O antigo Presidente da República, Joaquim Chissano, afirmou esta terça-feira que a criação de empregos e o fortalecimento da economia nacional constituem a solução mais sustentável para reduzir a vulnerabilidade dos moçambicanos que enfrentam ataques xenófobos na África do Sul.
As declarações foram feitas à margem de uma palestra sobre "O Papel da Universidade Eduardo Mondlane na Construção do Estado Moçambicano", onde Chissano destacou que o combate à xenofobia exige uma abordagem que vá além das respostas imediatas, apostando no desenvolvimento económico e na criação de oportunidades para a juventude.
Segundo o antigo Chefe de Estado, o reforço da independência económica permitirá que mais jovens encontrem emprego e contribuam para o crescimento do país, reduzindo a necessidade de emigrar em busca de melhores condições de vida.
Chissano sublinhou que a migração continuará a ser uma realidade enquanto persistirem dificuldades económicas, defendendo, por isso, políticas públicas capazes de estimular o investimento, gerar postos de trabalho e promover um desenvolvimento inclusivo em Moçambique.
Além da componente económica, apelou ao reforço do diálogo permanente entre os governos de Moçambique e da África do Sul para encontrar soluções duradouras que garantam a segurança e a dignidade dos cidadãos moçambicanos residentes no país vizinho.
O antigo Presidente considerou igualmente prioritária a regularização da situação migratória dos moçambicanos que vivem na África do Sul, argumentando que a documentação adequada pode reduzir situações de vulnerabilidade e facilitar o acesso à proteção legal.

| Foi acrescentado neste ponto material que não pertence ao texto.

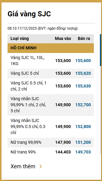 Sáng 17/12, Công ty Vàng bạc đá quý Sài Gòn SJC niêm yết giá vàng miếng ở mức 153,6-155,6 triệu đồng/lượng (mua vào-bán ra).

Os pronunciamentos de Joaquim Chissano surgem numa altura em que persistem preocupações com episódios de violência e ataques xenófobos contra cidadãos estrangeiros na África do Sul, incluindo moçambicanos.
As autoridades dos dois países têm mantido contactos diplomáticos sobre a matéria, enquanto organizações da sociedade civil continuam a defender medidas que reforcem a proteção dos migrantes e combatam a discriminação.